EXPLORATION_MAX = 1.0  
EXPLORATION_MIN = 0.01  
EXPLORATION_DECAY = 0.995  
  
  
class DQNSolver:  
  
    def __init__(self, observation_space, action_space):  
        self.exploration_rate = EXPLORATION_MAX  
  
        self.action_space = action_space  
        self.memory = deque(maxlen=MEMORY_SIZE)  
  
        self.model = Sequential()  
        self.model.add(Dense(24, input_shape=(observation_space,), activation="relu"))  
        self.model.add(Dense(24, activation="relu"))  
        self.model.add(Dense(self.action_space, activation="linear"))  
        self.model.compile(loss="mse", optimizer=Adam(lr=LEARNING_RATE))  
  
    def remember(self, state, action, reward, next_state, done):  
        self.memory.append((state, action, reward, next_state, done))  
  
    def act(self, state):  
        if np.random.rand() < self.exploration_rate:  
            return random.randrange(self.action_space)  
        q_values = self.model.predict(state)  
        return np.argmax(q_values[0])  
  
    def experience_replay(self):  
        if len(self.memory) < BATCH_SIZE:  
            return  
        batch = random.sample(self.memory, BATCH_SIZE)  
        for state, action, reward, state_next, terminal in batch:  
            q_update = reward  
            if not terminal:  
                q_update = (reward + GAMMA * np.amax(self.model.predict(state_next)[0]))  
            q_values = self.model.predict(state)  
            q_values[0][action] = q_update  
            self.model.fit(state, q_values, verbose=0)  
        self.exploration_rate *= EXPLORATION_DECAY  
        self.exploration_rate = max(EXPLORATION_MIN, self.exploration_rate)  
  
  
def cartpole():  
    env = gym.make(ENV_NAME)  
    score_logger = ScoreLogger(ENV_NAME)  
    observation_space = env.observation_space.shape[0]  
    action_space = env.action_space.n  
    dqn_solver = DQNSolver(observation_space, action_space)  
    run = 0  
    while True:  
        run += 1  
        state = env.reset()  
        state = np.reshape(state, [1, observation_space])  
        step = 0  
        while True:  
            step += 1  
            #env.render()  
            action = dqn_solver.act(state)  
            state_next, reward, terminal, info = env.step(action)  
            reward = reward if not terminal else -reward  
            state_next = np.reshape(state_next, [1, observation_space])  
            dqn_solver.remember(state, action, reward, state_next, terminal)  
            state = state_next  
            if terminal:  
                print ("Run: " + str(run) + ", exploration: " + str(dqn_solver.exploration_rate) + ", score: " + str(step))  
                score_logger.add_score(step, run)  
                break  
            dqn_solver.experience_replay()  



Using TensorFlow backend.


In [2]:
cartpole()

Run: 1, exploration: 0.9416228069143757, score: 32
Scores: (min: 32, avg: 32, max: 32)

Run: 2, exploration: 0.8265651079747222, score: 27
Scores: (min: 27, avg: 29.5, max: 32)

Run: 3, exploration: 0.7822236754458713, score: 12
Scores: (min: 12, avg: 23.666666666666668, max: 32)

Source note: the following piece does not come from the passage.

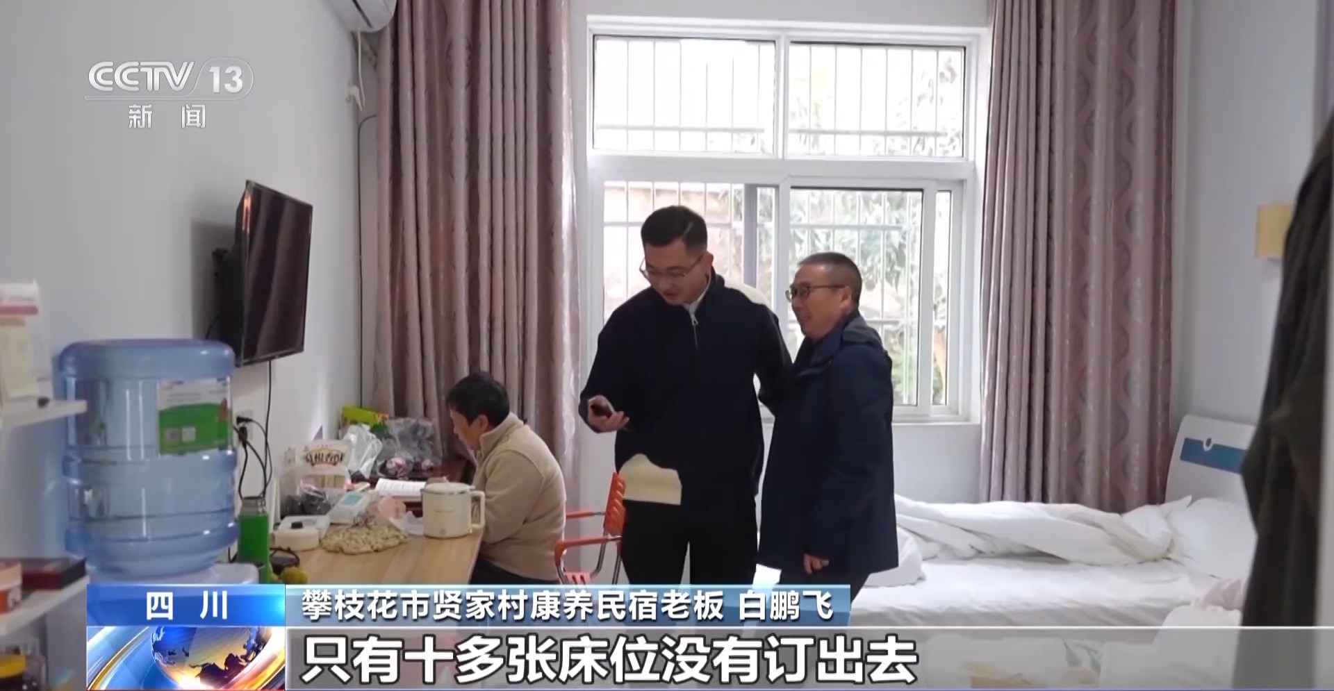 贤家村康养民宿老板 白鹏飞:我们一共是有70多个房间,有150多张床位,目前为止只有十多张床位没有订出去,12月初就会全部住满,到了春节的时候一房难求。

Run: 4, exploration: 0.7111635524897149, score: 20
Scores: (min: 12, avg: 22.75, max: 32)

Run: 5, exploration: 0.6180388156137953, score: 29
Scores: (min: 12, avg: 24, max: 32)

Run: 6, exploration: 0.5618938591163328, score: 20
Scores: (min: 12, avg: 23.333333333333332, max: 32)

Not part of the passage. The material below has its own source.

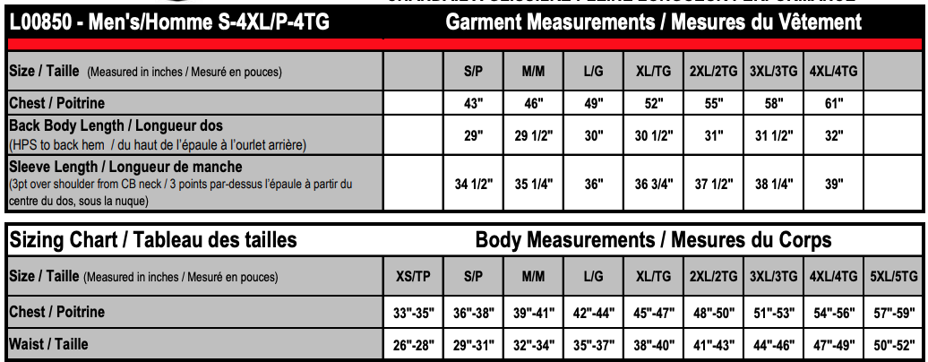 | Chest | 36"-38 | 39"-41" | 42"-44" | 45"-47" | 48"-50" | 44"-46" | 57"-59" |

Run: 7, exploration: 0.531750826943791, score: 12
Scores: (min: 12, avg: 21.714285714285715, max: 32)

Run: 8, exploration: 0.4858739637363176, score: 19
Scores: (min: 12, avg: 21.375, max: 32)

Run: 9, exploration: 0.446186062443672, score: 18
Scores: (min: 12, avg: 21, max: 32)

Run: 10, exploration: 0.42650460709830135, score: 10
Scores: (min: 10, avg: 19.9, max: 32)

Run: 11, exploration: 0.40974000909221303, score: 9
Scores: (

NameError: name 'exit' is not defined

Note: If the code is running properly, you should begin to see output appearing above this code block. It will take several minutes, so it is recommended that you let this code run in the background while completing other work. When the code has finished, it will print output saying, "Solved in _ runs, _ total runs."

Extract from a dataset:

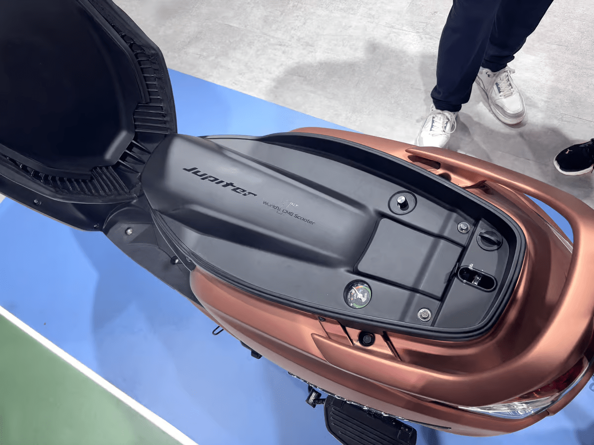 Между режимами работы на бензине и СПГ можно переключаться с помощью кнопки, расположенной на распределительной коробке, что обеспечивает гибкость при различных сценариях езды. Jupiter CNG оснащен 124,8-кубовым одноцилиндровым двухтопливным двигателем с воздушным охлаждением, который выдает 7,2 лошадиных силы и максимальный крутящий момент в 7 фунт-фут (9,4 Нм). Хотя эти показатели немного ниже, чем у бензиновой версии, которая выдает 8,1 л.с. и 7,7 фунт-фут (10,5 Нм) крутящего момента, скутер по-прежнему обеспечивает комфортную езду с максимальной скоростью 50 миль в час (80,5 км/ч).

You may see an error about not having an exit command. This error does not affect the program's functionality and results from the steps taken to convert the code from Python 2.x to Python 3. Please disregard this error.

In [5]:
# Experiment 1: Adjusting Exploration Factor for Quicker Runs
import random  
import gym  
import numpy as np  
from collections import deque  
from keras.models import Sequential  
from keras.layers import Dense  
from keras.optimizers import Adam  

from scores.score_logger import ScoreLogger  

ENV_NAME = "CartPole-v1"

# Parameters
GAMMA = 0.95  
LEARNING_RATE = 0.001  

MEMORY_SIZE = 1000000  
BATCH_SIZE = 20  

# Adjusted Exploration Factor
EXPLORATION_MAX = 1.0  
EXPLORATION_MIN = 0.05  # Lower minimum exploration rate
EXPLORATION_DECAY = 0.995  # Faster decay

class DQNSolver:  
    def __init__(self, observation_space, action_space):  
        self.exploration_rate = EXPLORATION_MAX  
        self.action_space = action_space  
        self.memory = deque(maxlen=MEMORY_SIZE)  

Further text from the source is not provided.